Justine Varga's Somerville Suite (2023-25) reverses this disappearance by reclaiming photography’s experimental origins. Her prints lay bare an unfamiliar, elemental vision of the medium, gesturing not only outward towards representation of external realities but also inward, revealing layered practices shaped by human touch, skilled labour, and intimate dialogue with history. At first glance, the three prints dazzle with brightly coloured geometric forms in cyan, magenta, and yellow. Looking more closely reveals the artist’s mastery of craft and playful exploration of photography’s hidden processes.
Conventionally, film is exposed inside a camera, a brief and unseen chemical encounter with light. Varga's negatives, by contrast, are altered by hand through direct physical contact marked in ink, inscribed lines, vegetable juices, saliva. These interventions trace the artist’s bodily presence onto the film itself, producing negatives that are active sites of inscription rather than passive carriers of information.
The artist’s performative engagement with photographic materials continues in the darkroom. Each print carries variations in colour, along with fingerprints and material traces bearing witness to Varga's emphatically subjective process. During printing, the negative rests between sheets of glass in an enlarger. The dark line framing the negative's edge results from light seeping through gaps in this equipment. Rather than cropping the surrounding field, Varga includes this expansive space, enhancing it with coloured light to make the negative's edge and the enlarger’s shadow essential compositional elements. The result invites viewers to reconsider what a photograph might be—not merely mechanical reproduction or transparent window, but physical object painstakingly crafted through chemical and creative forces.
This approach—at once scientific and personal—takes inspiration and its title from Mary Somerville (1780-1872), a Scottish scientist and polymath whose 1834 publication, On the Connexion of the Physical Sciences, was among the best-selling science books of the nineteenth century. The text was groundbreaking not only as the work of a woman scientist, (in fact, one reviewer coined the term ‘scientist’ to describe her unique aptitudes) but also because it offered something rare: an approachable, poetically written account of scientific knowledge, explaining theories of astronomy, physics, chemistry, and electromagnetism in a style that blended technical and literary ability.
Varga's meditation on Somerville's legacy is rooted in extensive archival research among the scientist's collected papers and notebooks, preserved at the University of Oxford's Bodleian Libraries.
Algebra speaks directly to these archival origins. The photograph shows Varga's negative suspended in a honey-coloured field. While viewing Somerville's notebooks, Varga sketched marks onto the negative, approximating the arcs and quadrants of Somerville’s mathematical diagrams. For both artist and scientist, mark-making represents a process of thought made visible—less about being understood by others than honouring persistent curiosity. Here, it also expresses sympathetic kinship. The same energetic force Somerville observed in the cosmos—light's transformative power—animates Varga's photographic exposures. On a more terrestrial level, the looping lines of the artist's drawing echo the string closures of Somerville's notebooks. Opening these bound volumes in the archive requires untying and retying knots, a material ritual connecting maker and reader. In rehearsing these simple acts—untying string to access another's thoughts, tracing the line of an equation—Varga echoes gestures Somerville made nearly a century earlier, tracing a living thread of discourse between women separated in time.

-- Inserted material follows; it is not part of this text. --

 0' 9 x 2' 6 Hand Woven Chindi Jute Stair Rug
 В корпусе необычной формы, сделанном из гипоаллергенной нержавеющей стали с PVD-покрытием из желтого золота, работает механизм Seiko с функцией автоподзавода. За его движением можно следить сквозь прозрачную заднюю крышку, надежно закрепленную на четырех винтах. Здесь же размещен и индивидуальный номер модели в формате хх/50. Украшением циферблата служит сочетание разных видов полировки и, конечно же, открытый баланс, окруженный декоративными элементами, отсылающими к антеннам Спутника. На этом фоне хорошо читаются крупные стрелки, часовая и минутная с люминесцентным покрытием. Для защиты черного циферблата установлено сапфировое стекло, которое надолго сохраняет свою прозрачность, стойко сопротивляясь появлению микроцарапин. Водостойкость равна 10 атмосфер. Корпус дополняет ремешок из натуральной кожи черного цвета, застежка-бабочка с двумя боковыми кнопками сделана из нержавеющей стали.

Scribble tests the limits of mark-making, photographic legibility, and the transmission of human knowledge. Its central image is an energetic bundle of calligraphic lines bounded by a dark rectangle seared into the surrounding blue field. Evoking gestural abstraction, Varga’s lines are scratched into the film's surface, in some places with such force that they penetrate and remove the underlying emulsion. The frustrated effort evident in this expressive act emphasizes the handwritten quality of the lines even as they refuse to resolve into recognizable language.
Somerville’s final scientific journals, which record independent experiments she conducted in her early 90s, carry a similarly moving intellectual persistence. These pages of mathematical data are marred by the blots and scrawls of an ageing hand. Though virtually unreadable, they conjure the scientist’s undying drive to study, learn, and observe despite all obstacles, making these momentary slips into archival illegibility the passages where Somerville’s spirit, paradoxically, is most clearly felt.

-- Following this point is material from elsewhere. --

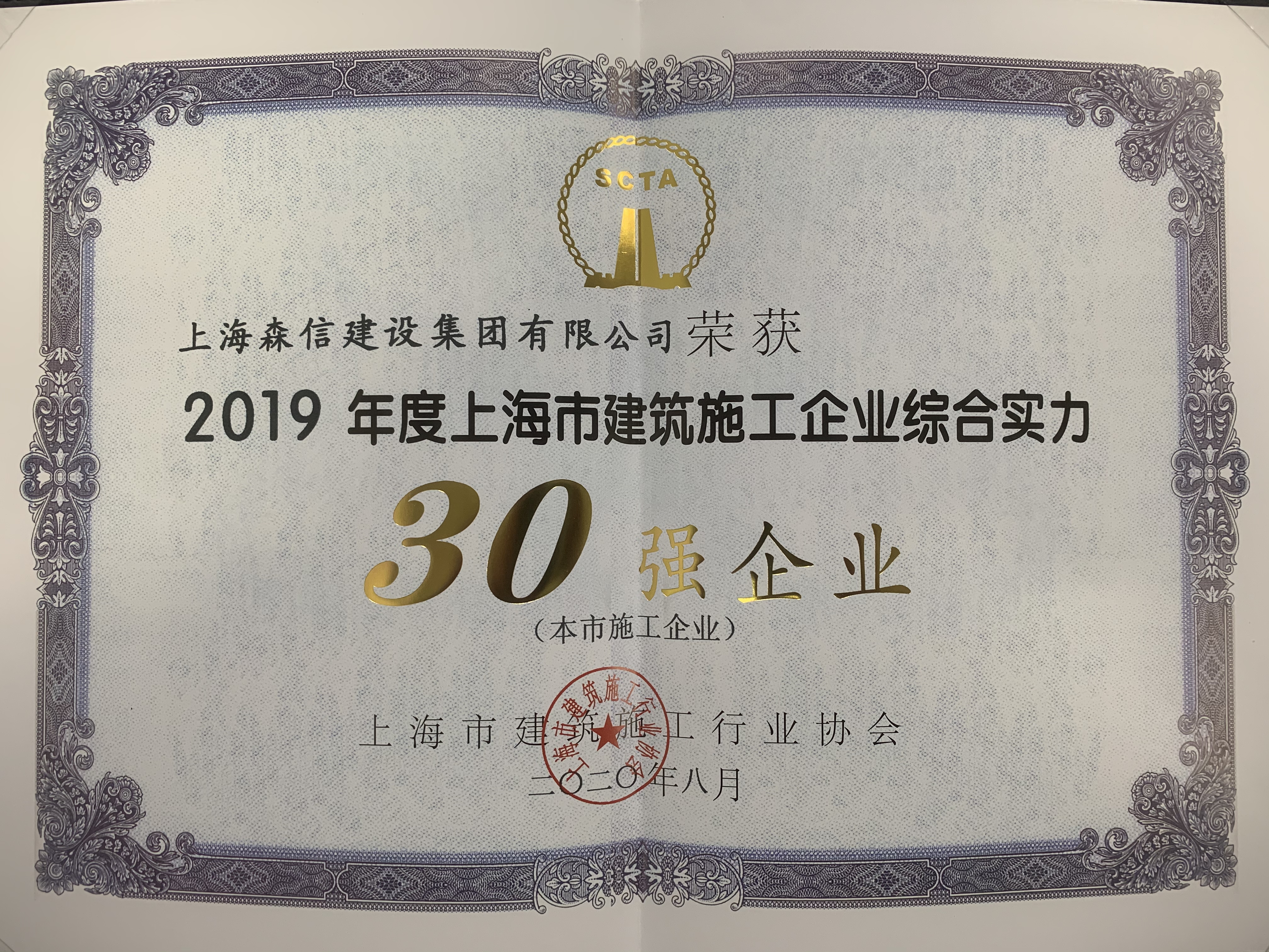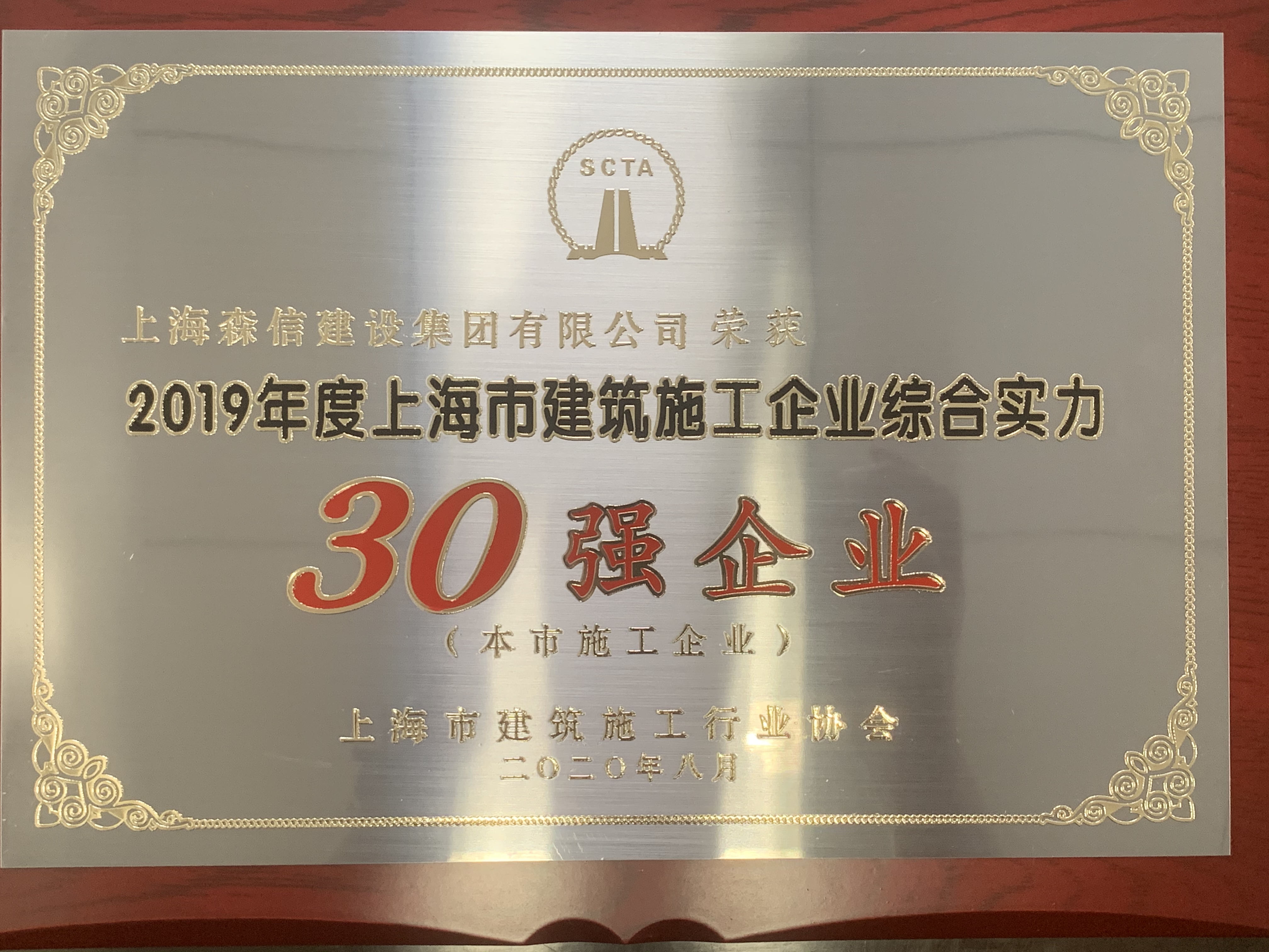 近日,經(jīng)上海市建筑施工企業(yè)綜合實(shí)力排名審定委員會(huì)審定,我司再度榮獲“2019年度上海市建筑施工企業(yè)綜合實(shí)力30強(qiáng)企業(yè)”稱號(hào)。
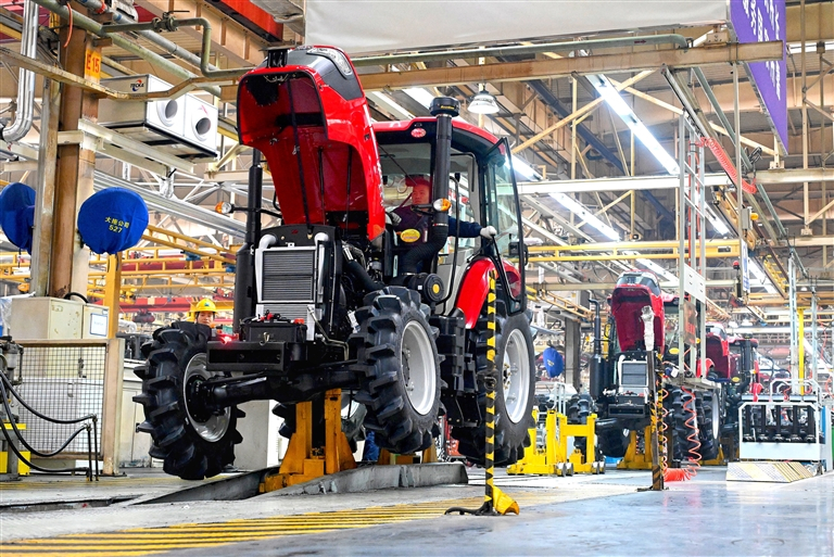 3月24日,位于洛阳市的中国一拖大拖公司总装生产线满负荷运转,一台台“东方红”拖拉机驶下生产线,发往全国各地。 张光辉 摄

In Varga’s work, the viewer’s search for textual clarity reveals indicators of photography's usually invisible processes: Kodak brand imprints, registration marks, notch codes—tactile clues that allow photographers to identify film type by touch in the darkroom. Emphasizing the blindness embedded in all aspects of photographic exposure, the work slips fluidly between knowing and feeling, between the desire to communicate meaning and the inevitable difficulty of being fully understood.
Whereas Algebra and Scribble grapple with written language, Geranium channels Somerville's experiments in natural science more directly. The vertical orientation of the Somerville Suite prints takes inspiration from the elongated paper strips the scientist used to test the colour chemistry of vegetable dyes. After painting these paper strips with pulverized flower petals and plant leaves, Somerville recorded her subjective experience of colour, intermingling scientific and sensory perception. In Somerville’s time, floral painting was one of the few branches of art deemed acceptable for women. It may have been with some delight then, that, this self-determined lady of letters ground up the petals of pretty plants to make chemical ingredients she deemed more useful in growing her ideas.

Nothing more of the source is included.